*Problem*.
Reproduce all of the data exactly. Images are not to appear in the reply.

*Data segment*.
※ ※ ※

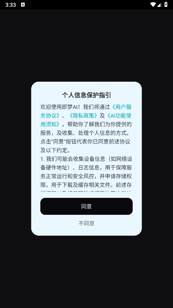 1、先在安装软件,查看相关用户的协议和隐私政策。
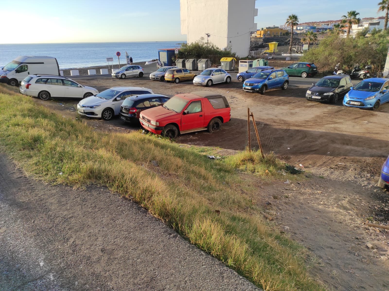 Vecinos de la calle Lila en la Playa de La Garita (Telde), denuncian a través de ONDA GUANCHE el abandono de un vehículo de la marca y modelo Opel Frontera, en el aparcamiento de tierra que está a unos metros de la entrada principal de la playa, desde hace varios meses. El mismo presenta un aspecto lamentable con neumáticos sin aire y óxidos laterales.
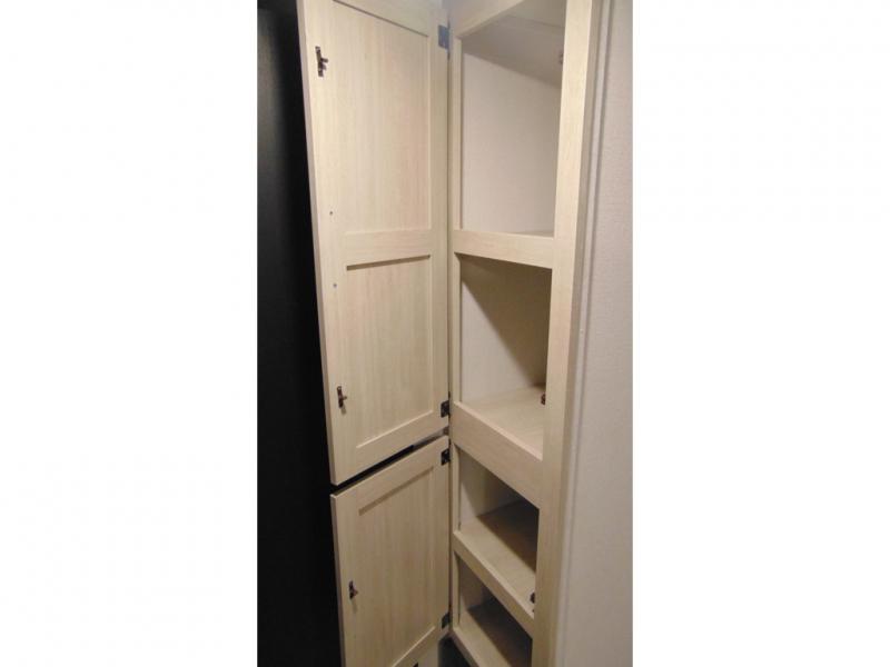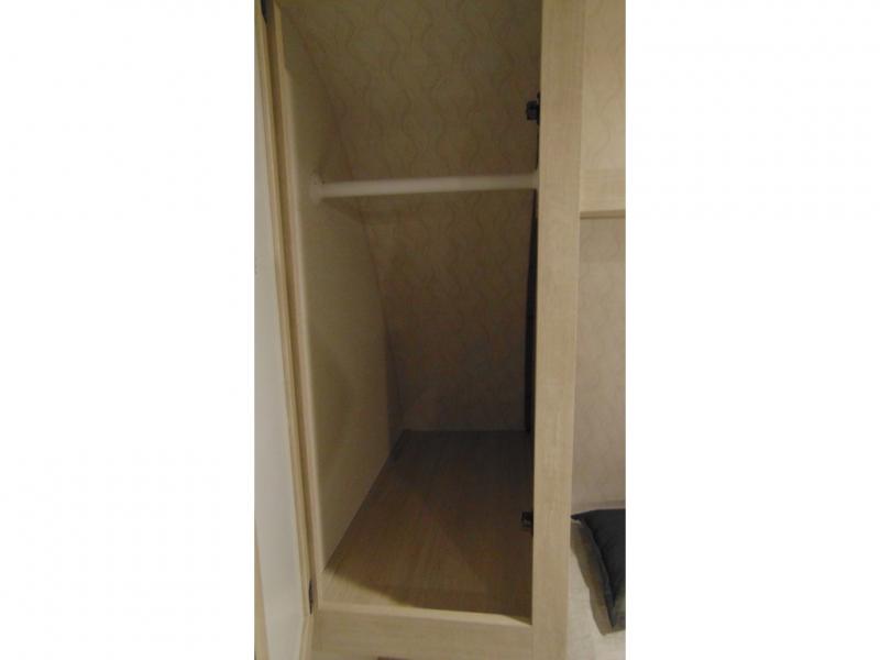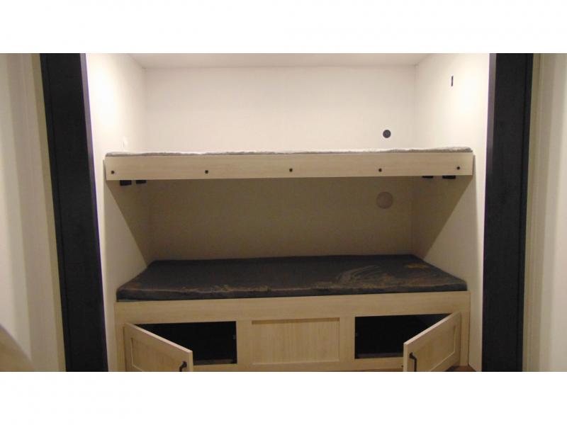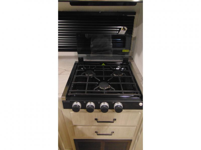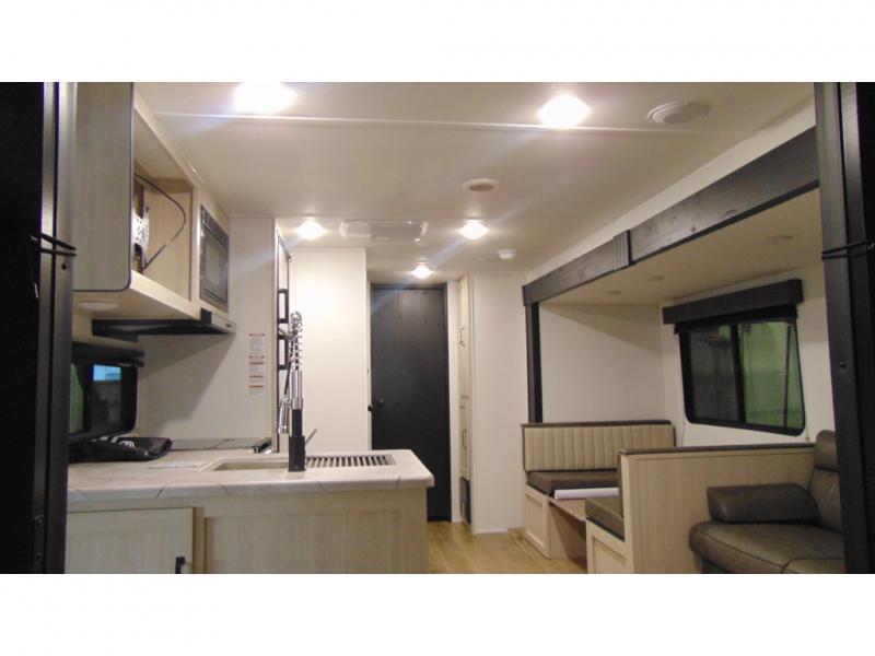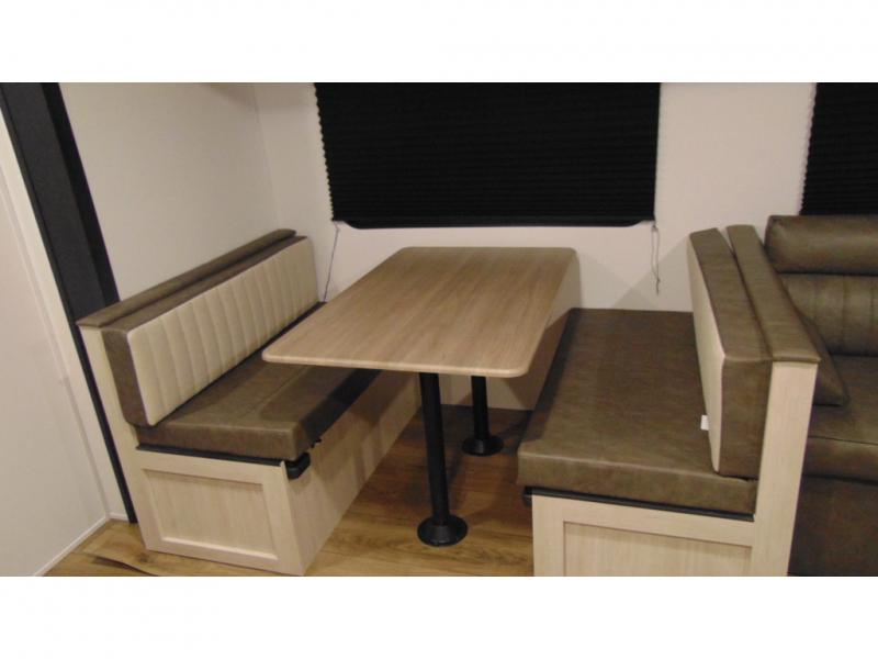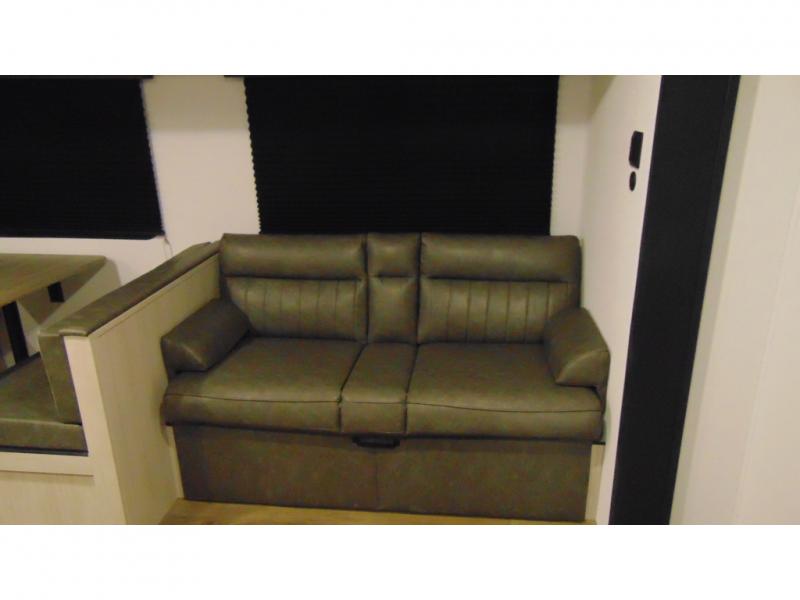 If you're looking for more space, this double axle, double slide out unit is perfect for your group of eight. Within the large slide in the living room, you'll find the booth dinette and sofa, which sit across from the optional TV if you want to enjoy movie nights. The full kitchen includes a stainless microwave and three burner cooktop to make meals, plus a pantry and 12V refrigerator for food storage. And an optional outside kitchen with a griddle can be added if you enjoy cooking outdoors! Your guests or littles are sure to enjoy the rear private bunkhouse that features a set of 38" x 76" bunks across from the third bunk and jiffy sofa within a slide out!

※ ※ ※

*Task response*.
 1、先在安装软件,查看相关用户的协议和隐私政策。
 Vecinos de la calle Lila en la Playa de La Garita (Telde), denuncian a través de ONDA GUANCHE el abandono de un vehículo de la marca y modelo Opel Frontera, en el aparcamiento de tierra que está a unos metros de la entrada principal de la playa, desde hace varios meses. El mismo presenta un aspecto lamentable con neumáticos sin aire y óxidos laterales.
 If you're looking for more space, this double axle, double slide out unit is perfect for your group of eight. Within the large slide in the living room, you'll find the booth dinette and sofa, which sit across from the optional TV if you want to enjoy movie nights. The full kitchen includes a stainless microwave and three burner cooktop to make meals, plus a pantry and 12V refrigerator for food storage. And an optional outside kitchen with a griddle can be added if you enjoy cooking outdoors! Your guests or littles are sure to enjoy the rear private bunkhouse that features a set of 38" x 76" bunks across from the third bunk and jiffy sofa within a slide out!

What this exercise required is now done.